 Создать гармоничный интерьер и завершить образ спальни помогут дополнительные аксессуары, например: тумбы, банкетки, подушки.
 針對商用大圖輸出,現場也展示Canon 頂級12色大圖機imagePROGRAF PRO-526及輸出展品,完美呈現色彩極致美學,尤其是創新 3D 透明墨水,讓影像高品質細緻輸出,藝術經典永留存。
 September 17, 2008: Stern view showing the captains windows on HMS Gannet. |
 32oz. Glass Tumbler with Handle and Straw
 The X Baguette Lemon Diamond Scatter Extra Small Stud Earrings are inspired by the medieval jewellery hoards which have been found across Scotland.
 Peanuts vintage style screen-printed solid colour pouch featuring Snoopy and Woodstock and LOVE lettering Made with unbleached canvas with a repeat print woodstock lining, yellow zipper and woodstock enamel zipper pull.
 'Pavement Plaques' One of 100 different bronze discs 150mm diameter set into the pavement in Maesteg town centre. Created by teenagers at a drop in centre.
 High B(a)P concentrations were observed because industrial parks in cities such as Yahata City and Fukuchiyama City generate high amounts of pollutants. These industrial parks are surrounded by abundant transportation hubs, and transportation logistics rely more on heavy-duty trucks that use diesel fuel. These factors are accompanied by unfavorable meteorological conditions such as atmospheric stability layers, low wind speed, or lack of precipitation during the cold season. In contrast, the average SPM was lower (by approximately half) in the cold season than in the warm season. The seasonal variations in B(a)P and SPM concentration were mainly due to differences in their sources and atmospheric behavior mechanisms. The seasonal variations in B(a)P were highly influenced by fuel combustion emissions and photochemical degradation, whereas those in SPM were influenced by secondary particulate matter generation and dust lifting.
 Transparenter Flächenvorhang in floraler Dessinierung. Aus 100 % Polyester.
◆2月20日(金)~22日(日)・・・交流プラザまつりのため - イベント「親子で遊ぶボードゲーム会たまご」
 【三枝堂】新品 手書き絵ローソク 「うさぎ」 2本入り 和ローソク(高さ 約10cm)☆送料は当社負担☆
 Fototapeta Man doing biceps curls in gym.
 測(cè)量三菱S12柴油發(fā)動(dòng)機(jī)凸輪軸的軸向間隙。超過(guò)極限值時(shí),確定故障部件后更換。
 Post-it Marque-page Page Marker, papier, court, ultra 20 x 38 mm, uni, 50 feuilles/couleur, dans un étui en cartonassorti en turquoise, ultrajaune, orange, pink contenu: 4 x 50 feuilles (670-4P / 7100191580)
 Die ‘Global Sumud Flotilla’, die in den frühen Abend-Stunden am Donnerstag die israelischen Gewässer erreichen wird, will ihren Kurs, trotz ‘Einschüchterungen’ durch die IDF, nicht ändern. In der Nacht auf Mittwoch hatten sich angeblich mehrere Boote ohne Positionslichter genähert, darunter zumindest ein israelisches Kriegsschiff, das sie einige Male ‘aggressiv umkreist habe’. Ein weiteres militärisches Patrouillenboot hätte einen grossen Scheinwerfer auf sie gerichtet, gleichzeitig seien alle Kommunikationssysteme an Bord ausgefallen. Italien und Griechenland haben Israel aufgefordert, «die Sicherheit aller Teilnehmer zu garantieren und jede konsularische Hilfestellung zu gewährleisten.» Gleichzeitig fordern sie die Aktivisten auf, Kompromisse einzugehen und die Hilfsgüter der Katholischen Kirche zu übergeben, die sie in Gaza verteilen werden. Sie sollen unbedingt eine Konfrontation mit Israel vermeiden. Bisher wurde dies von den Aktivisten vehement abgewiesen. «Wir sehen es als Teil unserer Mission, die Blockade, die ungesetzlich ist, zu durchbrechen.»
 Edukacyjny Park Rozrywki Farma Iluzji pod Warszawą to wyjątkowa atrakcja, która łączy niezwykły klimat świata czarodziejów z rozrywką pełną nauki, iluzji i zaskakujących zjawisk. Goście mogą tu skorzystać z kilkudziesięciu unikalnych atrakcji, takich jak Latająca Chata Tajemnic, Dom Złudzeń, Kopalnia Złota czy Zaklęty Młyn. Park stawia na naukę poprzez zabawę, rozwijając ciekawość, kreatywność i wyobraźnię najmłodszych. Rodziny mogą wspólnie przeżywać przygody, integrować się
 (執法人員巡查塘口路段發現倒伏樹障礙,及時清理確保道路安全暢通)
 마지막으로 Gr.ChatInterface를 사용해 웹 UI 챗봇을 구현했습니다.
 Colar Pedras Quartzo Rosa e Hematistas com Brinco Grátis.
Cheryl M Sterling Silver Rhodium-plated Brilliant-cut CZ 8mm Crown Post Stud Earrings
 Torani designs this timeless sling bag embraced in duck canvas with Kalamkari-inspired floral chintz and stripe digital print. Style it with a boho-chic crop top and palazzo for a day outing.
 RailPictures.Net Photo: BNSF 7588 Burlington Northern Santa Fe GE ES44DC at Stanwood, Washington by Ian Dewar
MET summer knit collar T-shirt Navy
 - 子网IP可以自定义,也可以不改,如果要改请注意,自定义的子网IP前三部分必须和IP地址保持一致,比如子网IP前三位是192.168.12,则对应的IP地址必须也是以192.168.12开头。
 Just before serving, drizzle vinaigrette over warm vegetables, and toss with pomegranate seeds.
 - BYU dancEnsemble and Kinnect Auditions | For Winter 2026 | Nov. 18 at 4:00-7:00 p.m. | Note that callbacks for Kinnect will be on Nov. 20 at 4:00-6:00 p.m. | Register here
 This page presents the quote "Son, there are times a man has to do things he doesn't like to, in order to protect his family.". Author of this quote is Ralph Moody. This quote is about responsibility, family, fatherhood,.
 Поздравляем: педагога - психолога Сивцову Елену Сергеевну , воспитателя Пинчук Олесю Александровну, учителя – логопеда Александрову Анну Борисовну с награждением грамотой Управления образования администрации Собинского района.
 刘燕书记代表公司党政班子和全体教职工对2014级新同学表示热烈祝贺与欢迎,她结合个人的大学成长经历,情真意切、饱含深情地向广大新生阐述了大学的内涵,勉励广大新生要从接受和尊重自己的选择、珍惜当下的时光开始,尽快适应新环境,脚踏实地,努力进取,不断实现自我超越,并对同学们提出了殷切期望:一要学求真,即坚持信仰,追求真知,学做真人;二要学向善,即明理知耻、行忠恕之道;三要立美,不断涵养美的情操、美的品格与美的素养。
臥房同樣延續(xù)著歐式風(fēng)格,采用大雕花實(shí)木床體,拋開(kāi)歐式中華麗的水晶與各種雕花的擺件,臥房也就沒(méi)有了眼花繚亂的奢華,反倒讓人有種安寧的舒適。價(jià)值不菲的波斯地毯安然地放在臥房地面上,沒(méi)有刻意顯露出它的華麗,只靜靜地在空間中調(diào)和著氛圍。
------------------------------------------------------------
▸ **EXERCISE BRIEF**
The expected answer is a copy of each line in the listing above that contains "Post".

▸ **SOLUTION FOR THIS EXERCISE**
 Post-it Marque-page Page Marker, papier, court, ultra 20 x 38 mm, uni, 50 feuilles/couleur, dans un étui en cartonassorti en turquoise, ultrajaune, orange, pink contenu: 4 x 50 feuilles (670-4P / 7100191580)
Cheryl M Sterling Silver Rhodium-plated Brilliant-cut CZ 8mm Crown Post Stud Earrings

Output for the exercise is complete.